Naturally it is difficult, because it is painful. You are undergoing a Tapas,
says the Upaniṣhad. A Tapas is a heat that is generated by intensity of thought, and
fever is a great heat produced in the body. Now, this heat itself becomes an
object of meditation. How is it an object of meditation? You will be laughing
at the Upaniṣhad. How is it possible? It is not a deity; it is not a god; it is not
going to help you in any manner, you think. It is going to help us in the
manner of an understanding because, as I hinted earlier, the incompatibility of
physical illness with the present mental state is the cause of pain, and the
mind is supposed to understand the nature or the reason behind this
incompatibility.

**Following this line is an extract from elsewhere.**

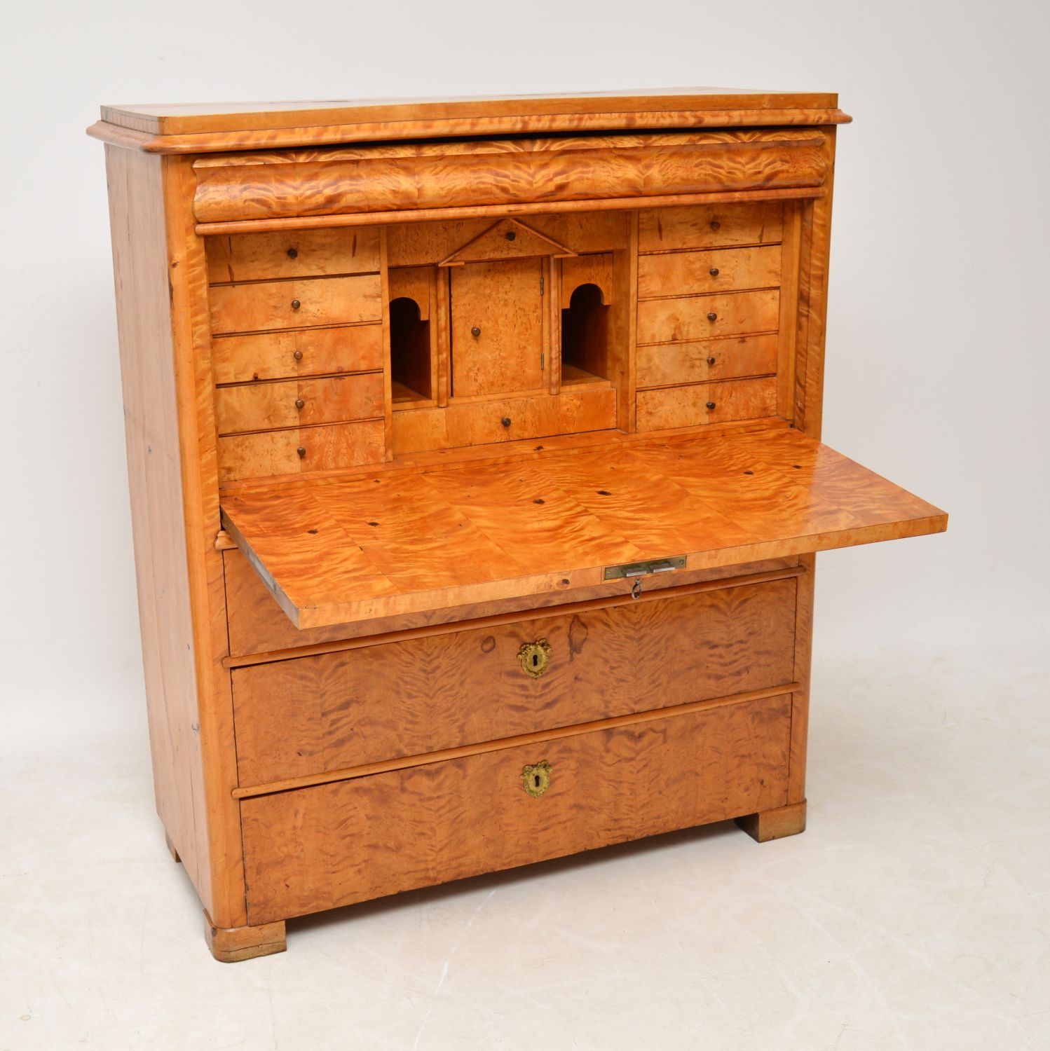 Antique Swedish Satin Birch Secretaire Bureau c.1850

Why is there this incompatibility between the condition of the
body and the mind? Because the mind cannot adjust itself with the condition of
the body. When you are dipped into the cold waters of the Ganga in winter, you
know what you feel. You shiver to death. You may actually die if you are placed
inside the water for one hour. But why do not the fish feel the cold? They are
inside the water and they are so happy. How are they so happy? Because the
condition of the body of the fish is compatible with the condition of the water
of the Ganga. That is all. There is no incompatibility. But our body is irreconcilable
with that condition. So, it is a kind of maladjustment of personality with the
outer atmosphere and the outer conditions prevailing, that is called ill-health
and any kind of sorrow or pain, for the matter of that. So let the mind
contemplate on the possibility of a reconcilability or a compatibility with
everything. That is one kind of Tapas.
The Upaniṣhad tells us
further that you can also contemplate the condition of your being carried to
the cremation ground. You have not yet been taken like that; but just imagine
that you are still on the deathbed, and that you will be carried to the
cremation ground in procession. Can you imagine this condition? 'Yes, I am
gone, here I am on the stretcher, people are weeping, some are happy, perhaps; they
carry me, and to the cremation ground do I go.' Contemplate like this. Then the
sorrow of death also will be averted. You are deliberately contemplating the
practicability, the possibility of going to the cremation ground and being
burnt there.
When you are carried to the forest or the
jungle to be buried there or to the cremation ground, a very uncomfortable
experience is of course capable of being entertained in the mind. Nobody wishes
to undergo that experience of falling ill, of being taken to the jungle for
being buried or on a stretcher to the cremation ground to be burnt there. Who
would like such an experience? But every experience is an experience. It has to
be taken philosophically and scientifically. You will lose nothing by being
buried; lose nothing by having an illness; you will lose nothing by going to
the cremation ground. It looks like a horror on account of incompatibility
again, an inadjustability of the mind with conditions outside. The whole point
of the meditation here is that the mind should be able to contemplate a
reconcilability of itself with any and every condition. In other words, it is a
symbolic hint at meditation on universality.